Commodities | Jun 05 2006
By Greg Peel
SB Citigroup suggests the big copper miners are currently in a strong bargaining position with respect to the next round of 6-monthly contract treatment and refining charges (TC/RC) negotiation with the smelters. Smelter concentrate stocks have declined and supply has been disrupted by operational difficulties and strike action.
For various reasons, stoppages have occurred recently in Mexico, Zambia, Indonesia and Chile. As these mines are struggling to perform, Citigroup notes BHP Billiton (BHP) has taken the opportunity to push for a change in TC/RC charges.
Under a longstanding arrangement, copper smelters have enjoyed a "price participation" (PP) element to their charge of 10% of the difference between US90c/lb and the prevailing spot price. As the spot price is currently around US$3.50/lb, the smelters have been enjoying a windfall that sees the PP component more valuable than the TC/RC charge itself.
Citigroup notes the PP component can be higher than the charges themselves.
Contract charges were reduced by 16% at the start of the year, but the spot TC/RC charge has fallen to US7.7c/lb or less, Citigroup reports.
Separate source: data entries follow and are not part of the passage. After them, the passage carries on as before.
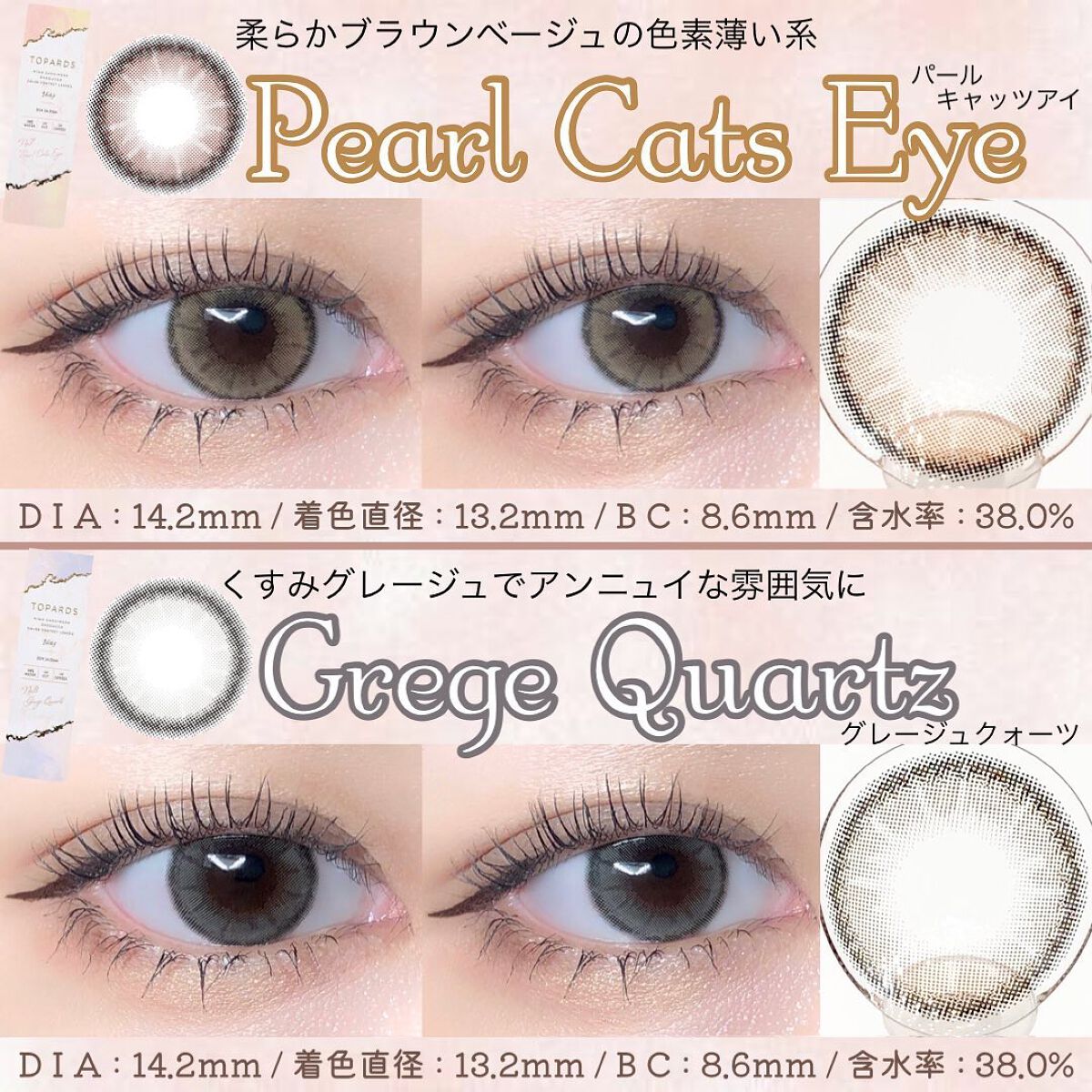 - ※2025年6月以降、商品パッケージ裏面・側面の一部表記を順次変更いたします。尚、これにかかる商品の交換・返品は承っておりません。 ■UVカット 紫外線を99%カットします。 ※UV-A波75%、UV-B波99%カット ■低含水 長時間の装用を考えた、レンズ自体に必要な水分が少ない低含水レンズです。※使用時間には個人差がありますので必ず眼科医の指導に従って下さい。 ■レンズ構造 着色剤がポリマー層によりレンズ内に包埋しています。 ■ 非イオン性レンズ 汚れが付きにくく視界をクリアに保ち、快適さが持続します。※装用感には個人差があります。 ■レンズ形状レンズ形状 フチに丸みをつけより快適な着け心地を目指しました。 Moon Melt Brown(ムーンメルトブラウン) とろける甘さのブラウンカラーに月の光を散りばめた、きらめき水光レンズ。 Cat Pearl(キャットパール) くっきり細フチでまんまるな印象の瞳♡きゅるんと子猫っぽグレーレンズ。 Jelly Quartz(ゼリークォーツ) ぼかし細フチでぷるんと輝くような瞳に、毎日使いたくなる引き算大人盛れレンズ。 カラーコンタクトレンズの不適正使用による眼障害の危険性等などがあります。 ●コンタクトレンズは高度管理医療機器です。不十分な洗浄・消毒など不適切なケアや、長時間・交換期間を超えた装用により、アレルギー性結膜炎、角膜感染症、角膜潰瘍等の重篤な眼障害が発生する危険性があります ●ご使用前に取扱説明書を確認してください 使用上の留意事項 ●眼科医院等を受診してからお求めください ●眼に異常を感じたら直ちにレンズ使用を中止し、お近くの眼科等で診察を受けてください ●医師の指示にしたがってご使用ください ●コンタクトレンズを装用する場合、自覚症状がなくても、眼科医院等での定期検査を受けてください ●レンズに不具合がある場合は使用しないでください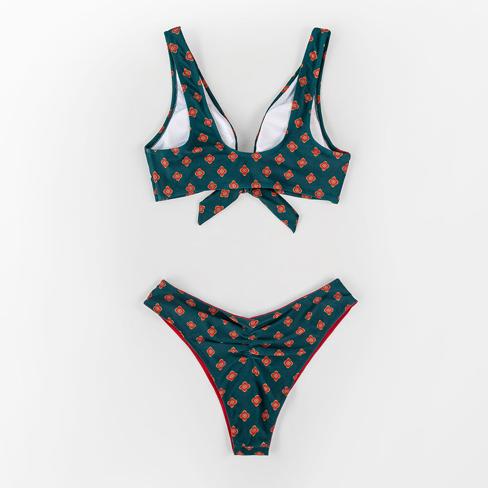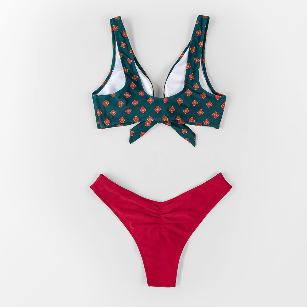 ¡Llamativo, lindo y perfecto para la playa o junto a la piscina! Nuestro conjunto de bikini retro mini floral con cuello en V presenta un mini bikini con estampado floral con detalle de nudo en la parte delantera. La braguita del bikini a juego es reversible. Un lado es un mini estampado floral y el otro es rojo sólido.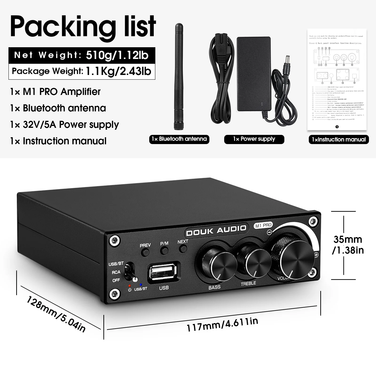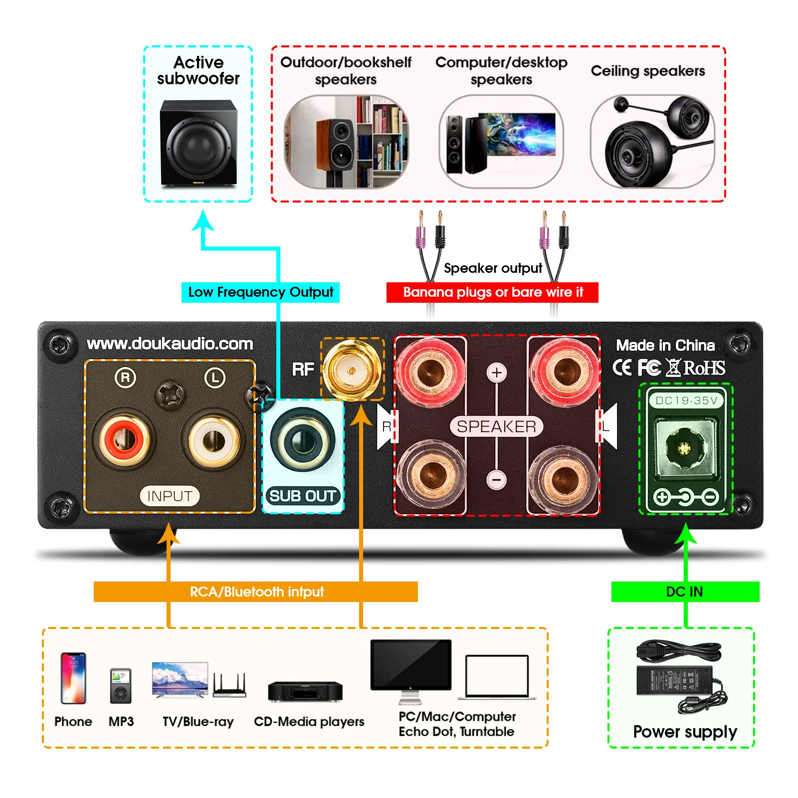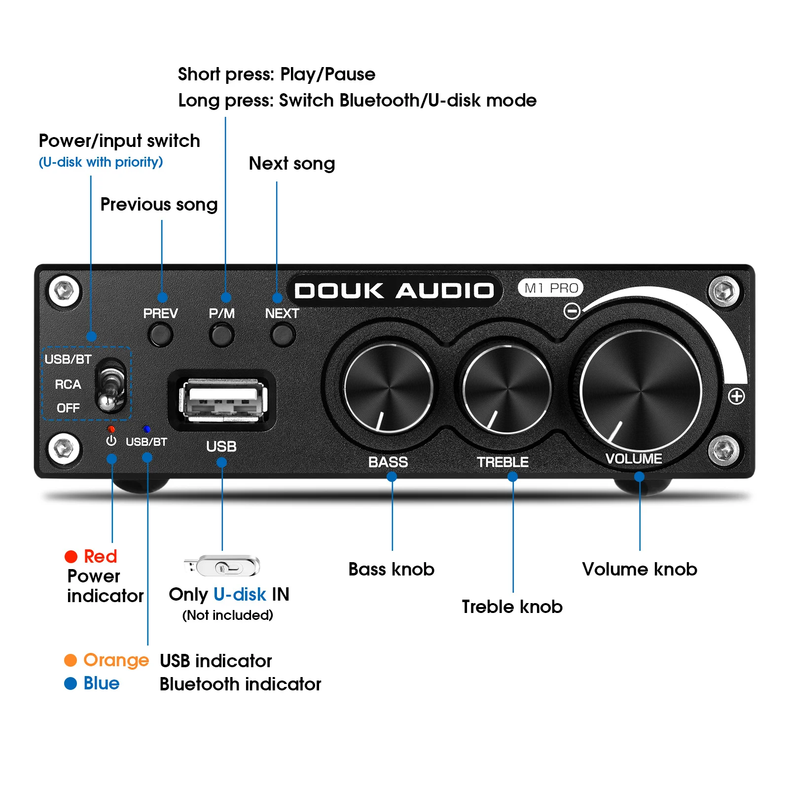 Усилитель мощности Douk audio, Bluetooth 5,0, 2,0 каналов, сабвуфер, усилитель, Настраиваемые высокие басы, USB музыкальный плеер без потерь, 320 Вт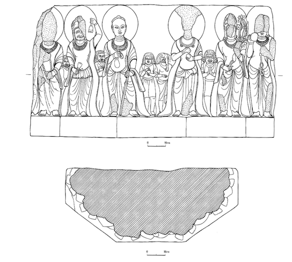 综上可知,佛坐像与造像底座应都是梁朝作品。造像底座束腰处的原始设计应与坐佛像宝座束腰处相似,也有十二护法神及其眷属像。因此,造像底座的原主尊像应该与坐佛像表现同一种题材。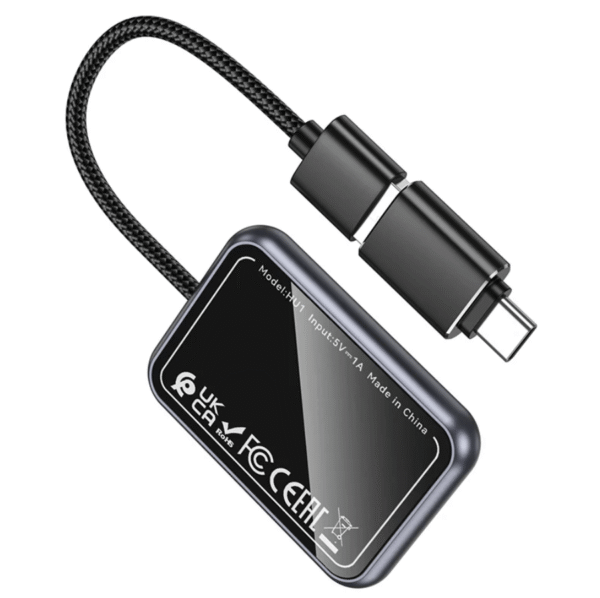 With both USB-A and USB-C plug support, the Hoco HU1 wireless CarPlay adaptor includes a USB-A to USB-C adapter for wider compatibility. Built with an aluminium-magnesium alloy body and tempered glass finish, the Hoco HU1 wireless CarPlay adaptor offers a premium look and durable construction for long-term use. If you want an easy plug-and-play wireless CarPlay upgrade, the Hoco HU1 wireless CarPlay adaptor is a smart choice for NZ users.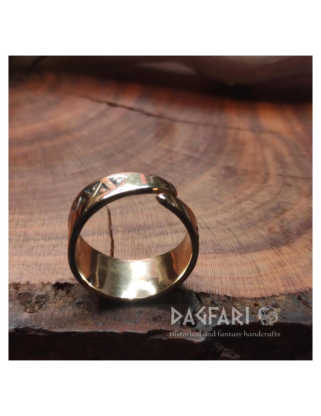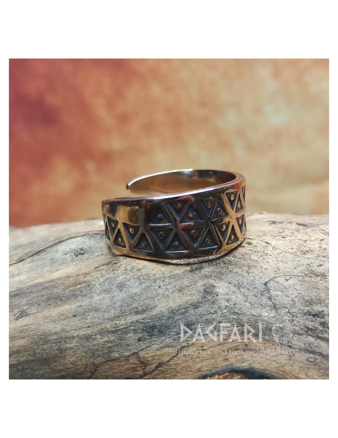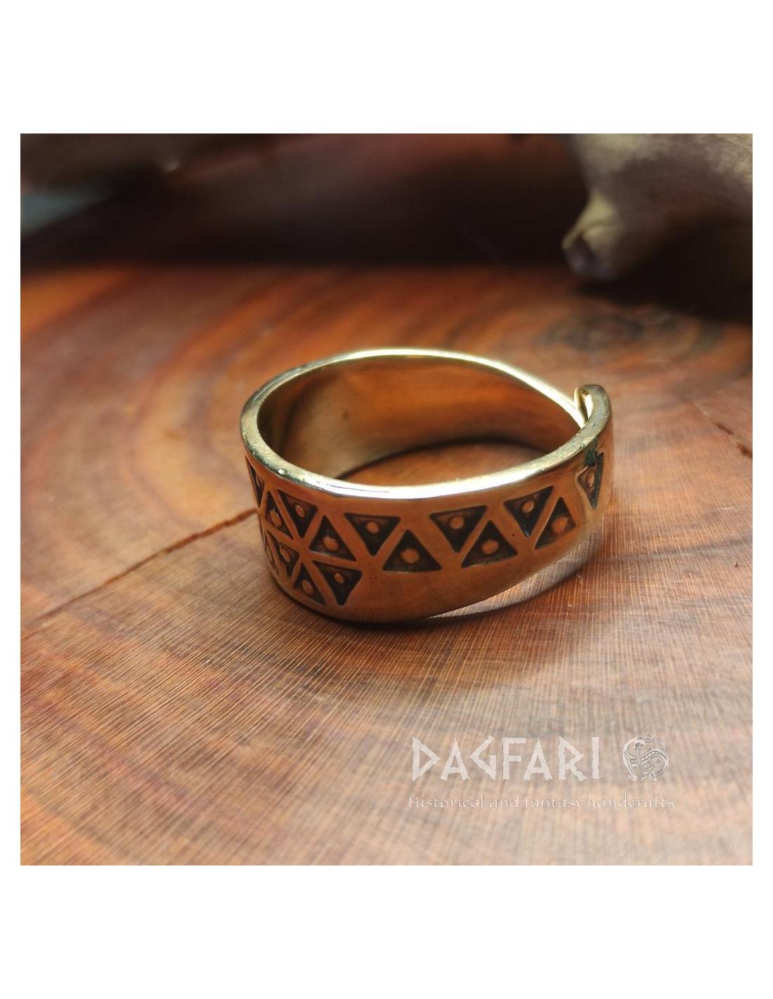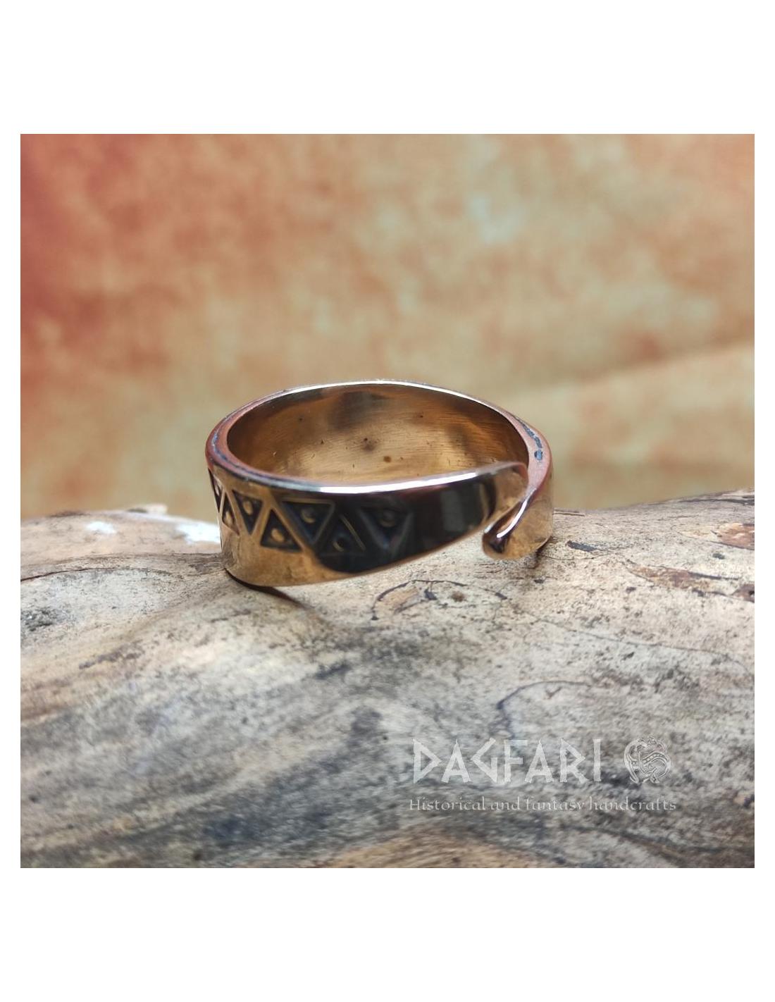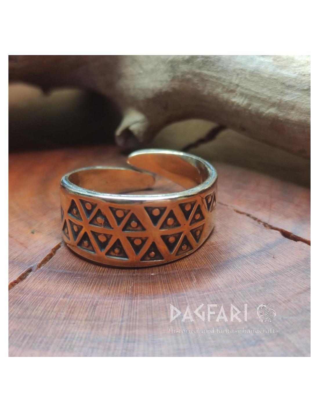 Jeden z mnoha prstenů s raženými trojúhelníky ve stylu Valknutu z Gotlandu (Švédsko).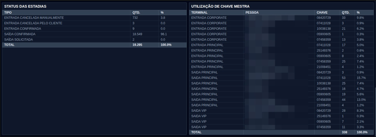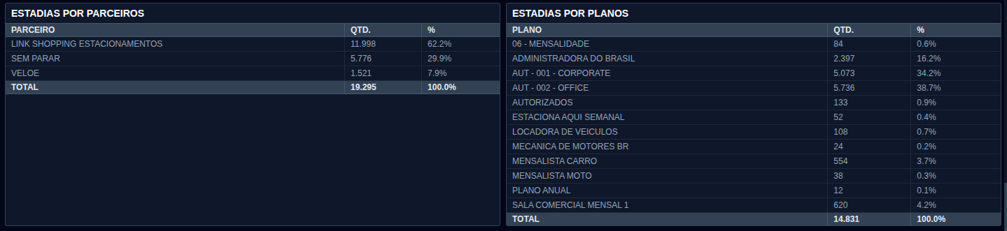 - Planos: Veículos de clientes que possuem planos ativos (mensalistas, conveniados, autorizados).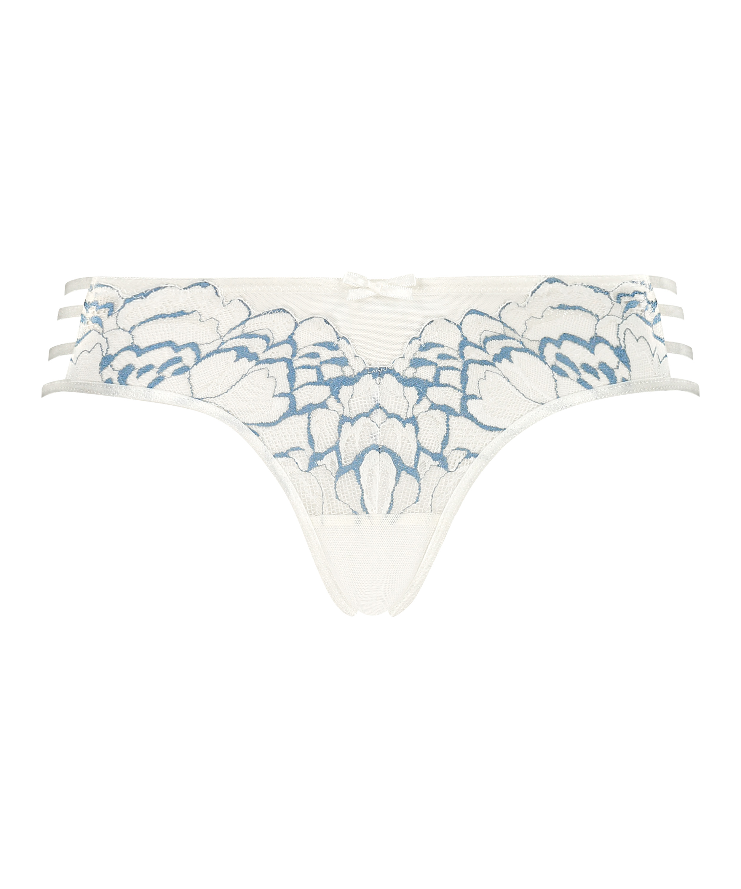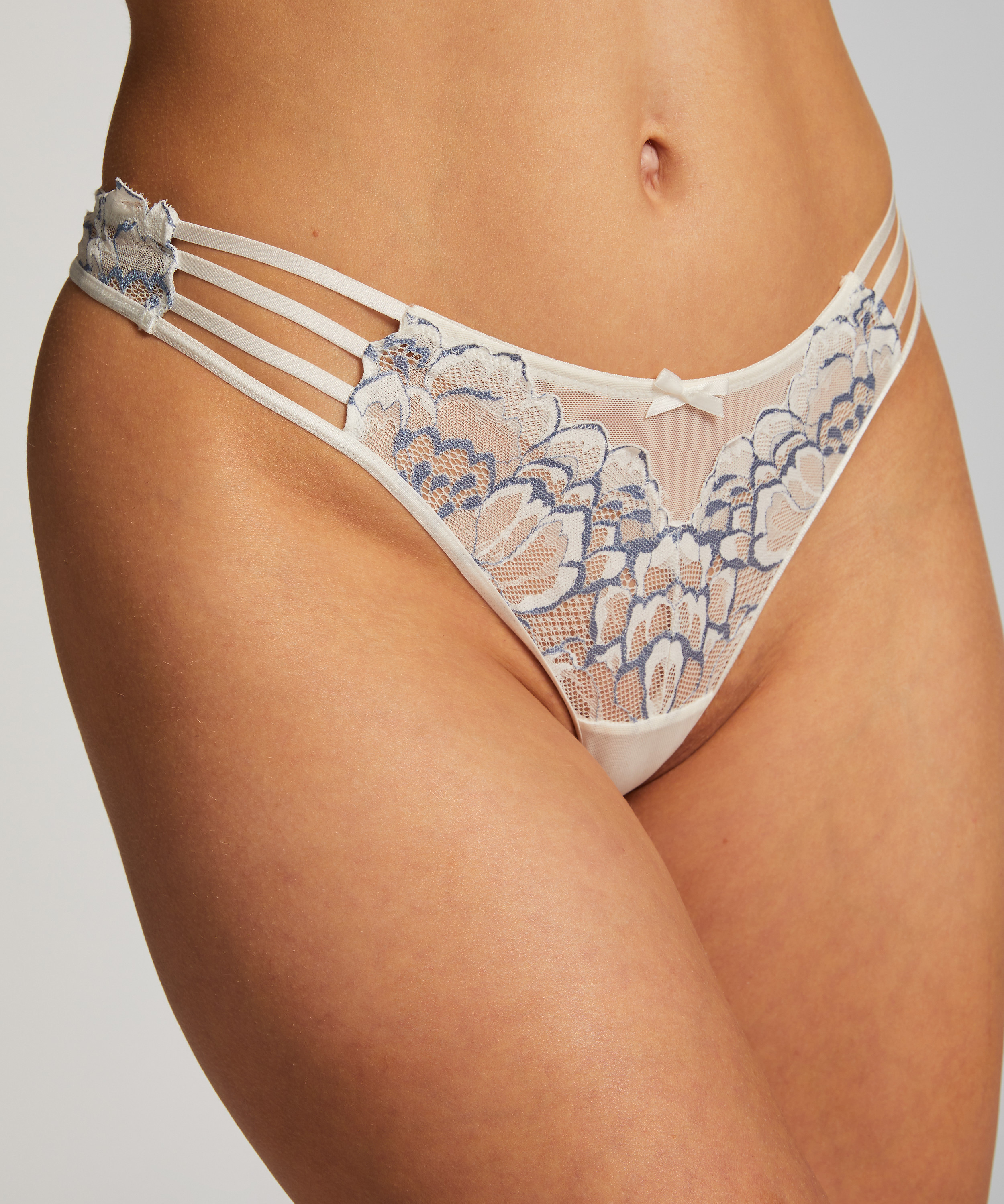 Introducing our essential yet undeniably sexy thong! Featuring beautiful embroidered fabric in the front delicately finished with a charming bow, this piece exudes elegance and allure. The back is crafted from breathable mesh, while sexy strappy details on the side add an extra touch of seduction. Pair it effortlessly with your favorite bra to complete your lingerie ensemble!

BHP doesn’t believe further contact reductions will be acceptable to the smelters, so it’s proposing changes to the way the windfall PP is calculated: abolish it, cap it, or raise the US90c/lb level.
Citigroup believes the PP will stay, but feels the smelters will likely have to accept some rise in the level as acknowledgement that costs across the industry have increased significantly.